Write out, please, each line from the one containing "La Pro Loco" to the final line of the data, both included, exactly and without pictures.

Content starts

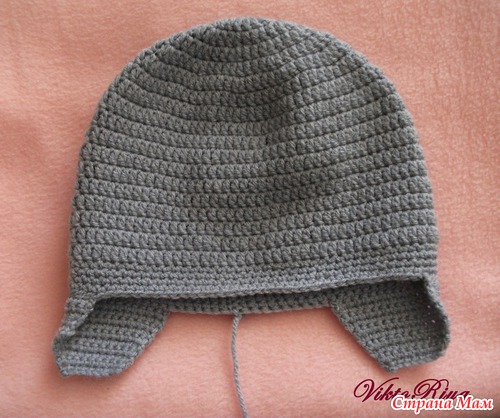 Все, основная часть шапочки готова. Оставляем нить (не обрезаем) для контрольного обвязываения шапочки вместе с пришитыми ушками. Не жалейте, а то потом не хватит)))))
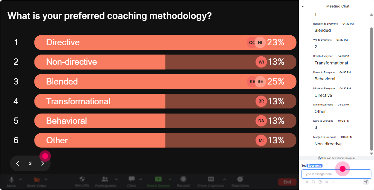 Coaching groups are usually mixed-some folks are brand new, others have been coaching for years (with very different definitions). Rating Polls let you measure the room instantly and adjust your pace. Ideas you can run in the first 5 minutes: - On a scale of 110, how confident are you in coaching a struggling performer? - Rate your comfort level with giving difficult feedback (1 = avoid it, 10 = bring it on). - How effective is your current coaching process today? (110) Trainer move: Show the results and say, Cool-looks like were split. Ill make sure we cover both the fundamentals and the real-life messy scenarios. People feel seen, and youve bought attention for the next segment.
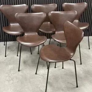 Arne Jacobsen syver stole nypolstrede med sort stel pris 6 stk
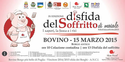 La Pro Loco con il patrocinio del Comune di Bovino è lieto di presentare la IX edizione della Disfida del Soffritto di Maiale, in provincia di Foggia.
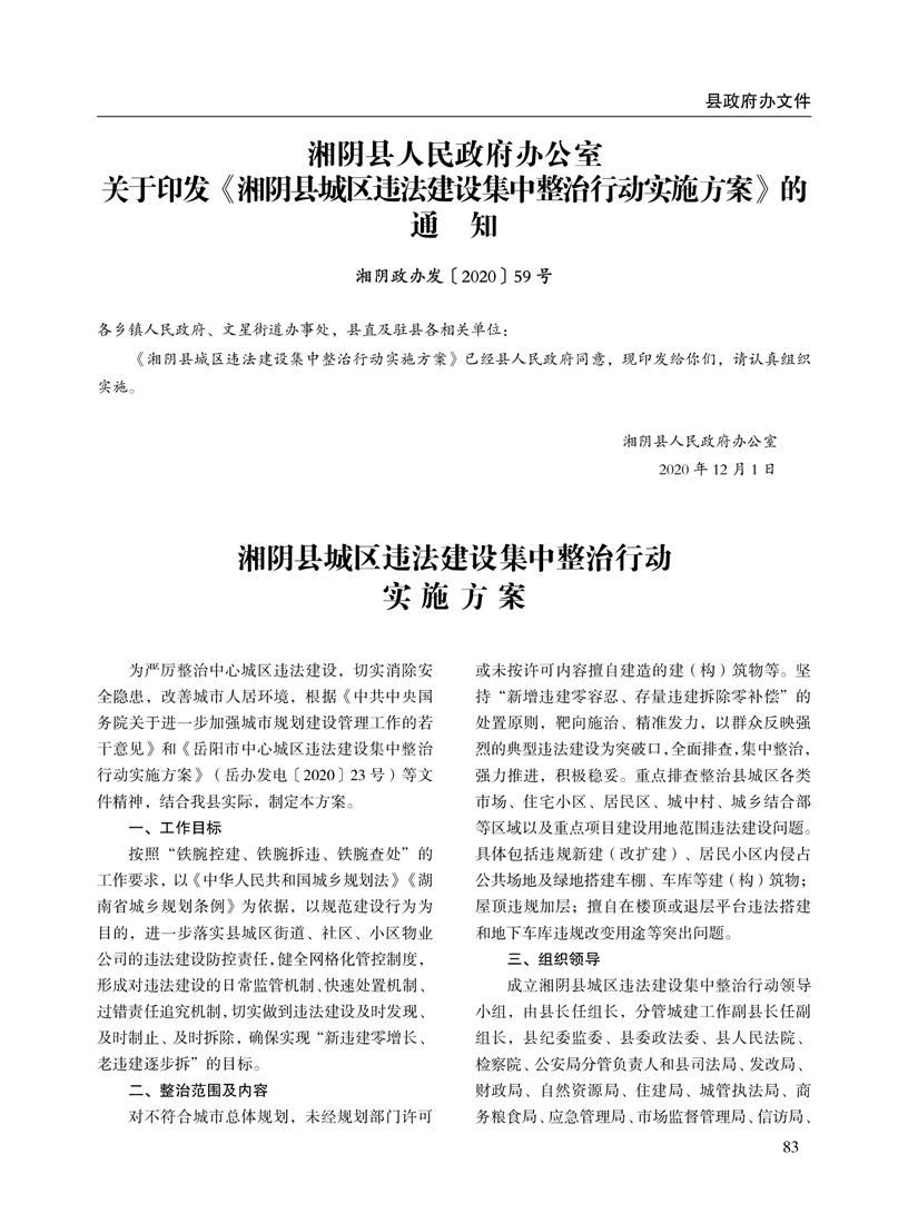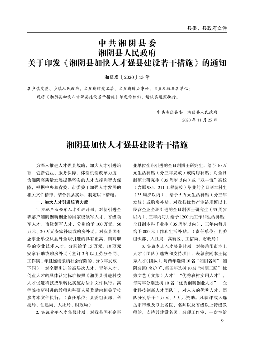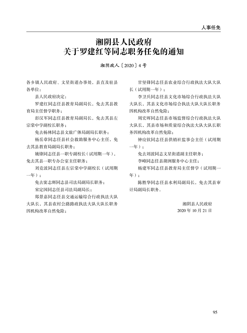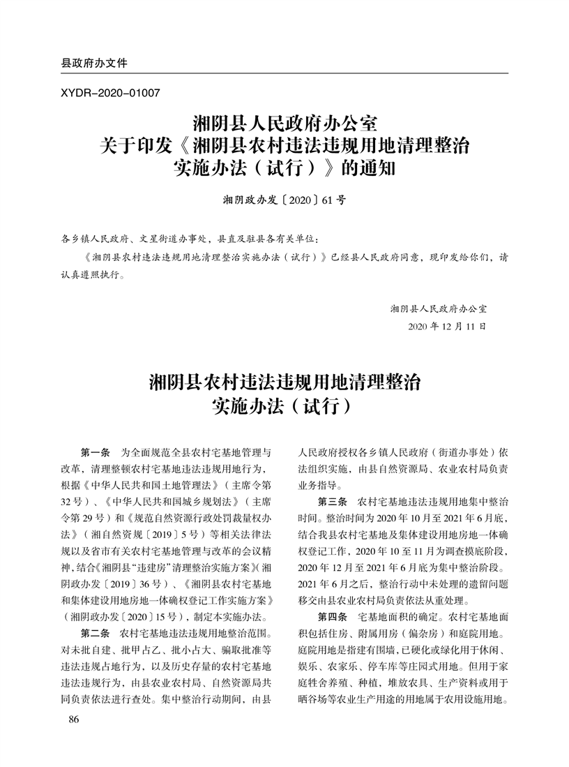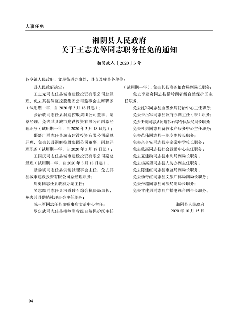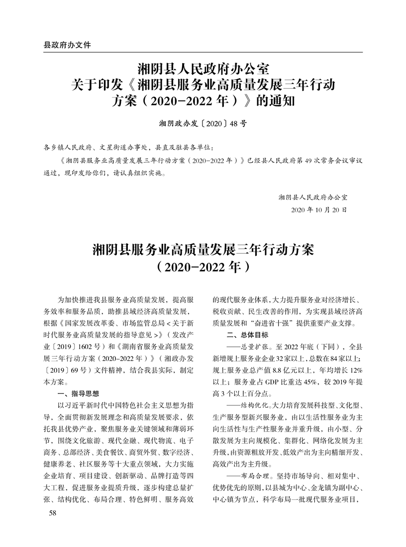 湘阴县人民政府公报2020年第四期 出版日期:2020年12月31日出版

Content ends

▶ _EXPECTED ANSWER_
 La Pro Loco con il patrocinio del Comune di Bovino è lieto di presentare la IX edizione della Disfida del Soffritto di Maiale, in provincia di Foggia.
 湘阴县人民政府公报2020年第四期 出版日期:2020年12月31日出版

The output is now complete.